## DESCRIPTION OF THE TASK
What you return should match the data below exactly, with no pictures in it.

## DATA SECTION

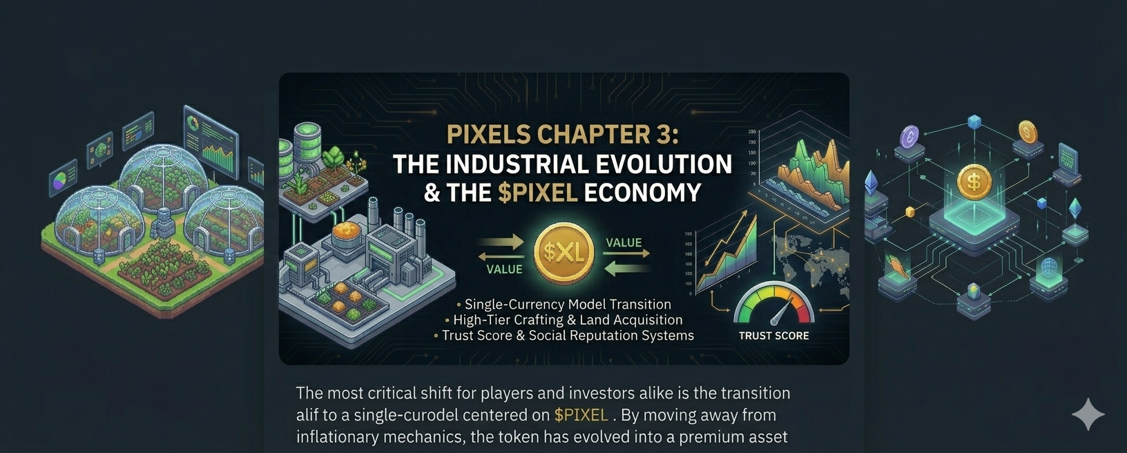 The most critical shift for players and investors alike is the transition to a single-currency model centered on $PIXEL . By moving away from inflationary mechanics, the token has evolved into a premium asset that governs high-tier crafting, social reputation, and land acquisition. This isn't just about planting crops anymore—it’s about complex resource management and cross-land collaboration. The recently introduced "Trust Score" and "Social Reputation" systems are also brilliant moves to ensure ecosystem health, linking a player's on-chain history directly to their in-game influence.
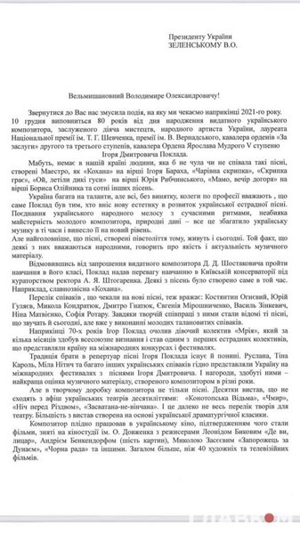 Дружина відомого українського композитора Ігоря Поклада, Світлана Поклад, розкритикувала президента Володимира Зеленського через те, що, за її словами, Офіс президента вирішив надіслати вітання від імені глави держави народному артисту з 80-річчям через Viber. Жінку обурило, що в представництві українського лідера її попросили самостійно роздрукувати листа. Про це вона написала у своєму Facebook.
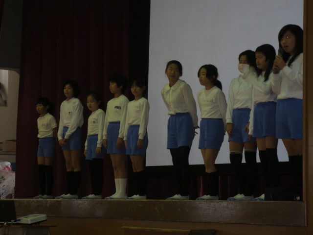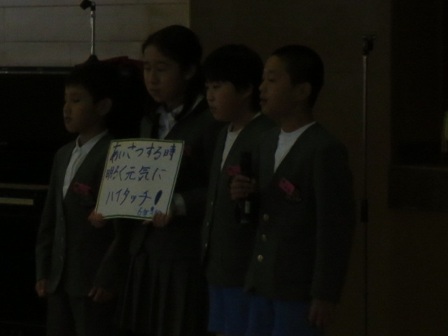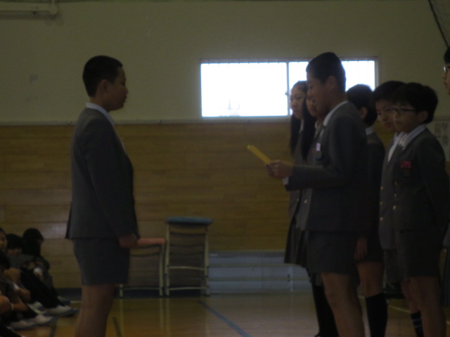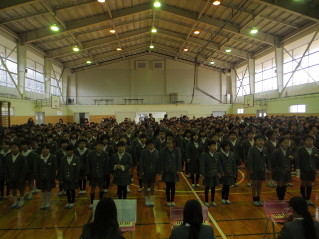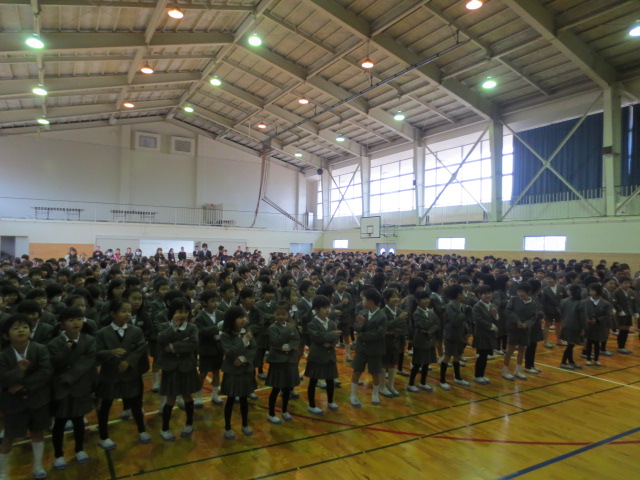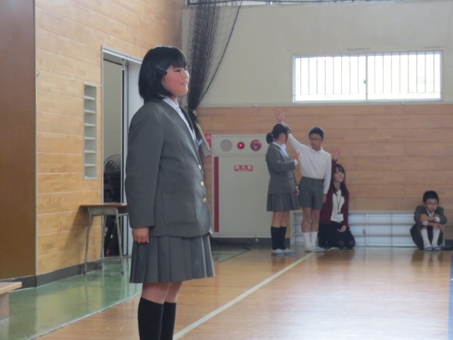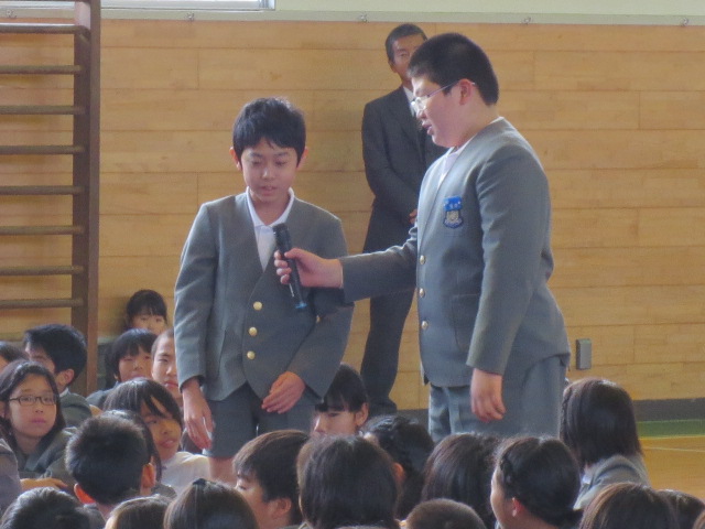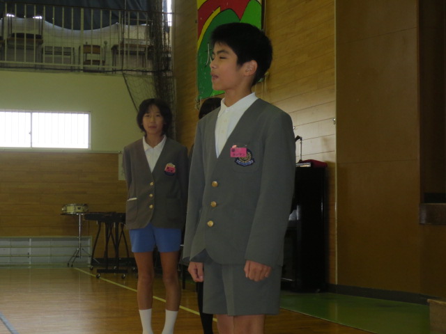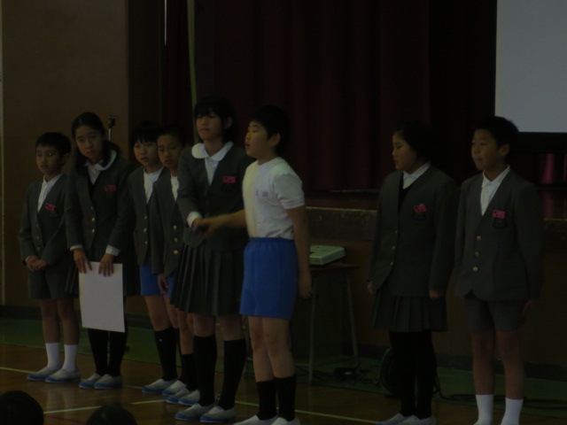続いて生徒指導部の先生から、12月の生活目標「はげましあって やりきろう」についてお話がありました。6年生の3クラスが全校を代表して、各クラスの目標を発表しました。今年最後の一ヶ月です。みんなで協力して、やり切って行きましょう!

## COMPLETED TASK
 The most critical shift for players and investors alike is the transition to a single-currency model centered on $PIXEL . By moving away from inflationary mechanics, the token has evolved into a premium asset that governs high-tier crafting, social reputation, and land acquisition. This isn't just about planting crops anymore—it’s about complex resource management and cross-land collaboration. The recently introduced "Trust Score" and "Social Reputation" systems are also brilliant moves to ensure ecosystem health, linking a player's on-chain history directly to their in-game influence.
 Дружина відомого українського композитора Ігоря Поклада, Світлана Поклад, розкритикувала президента Володимира Зеленського через те, що, за її словами, Офіс президента вирішив надіслати вітання від імені глави держави народному артисту з 80-річчям через Viber. Жінку обурило, що в представництві українського лідера її попросили самостійно роздрукувати листа. Про це вона написала у своєму Facebook.
続いて生徒指導部の先生から、12月の生活目標「はげましあって やりきろう」についてお話がありました。6年生の3クラスが全校を代表して、各クラスの目標を発表しました。今年最後の一ヶ月です。みんなで協力して、やり切って行きましょう!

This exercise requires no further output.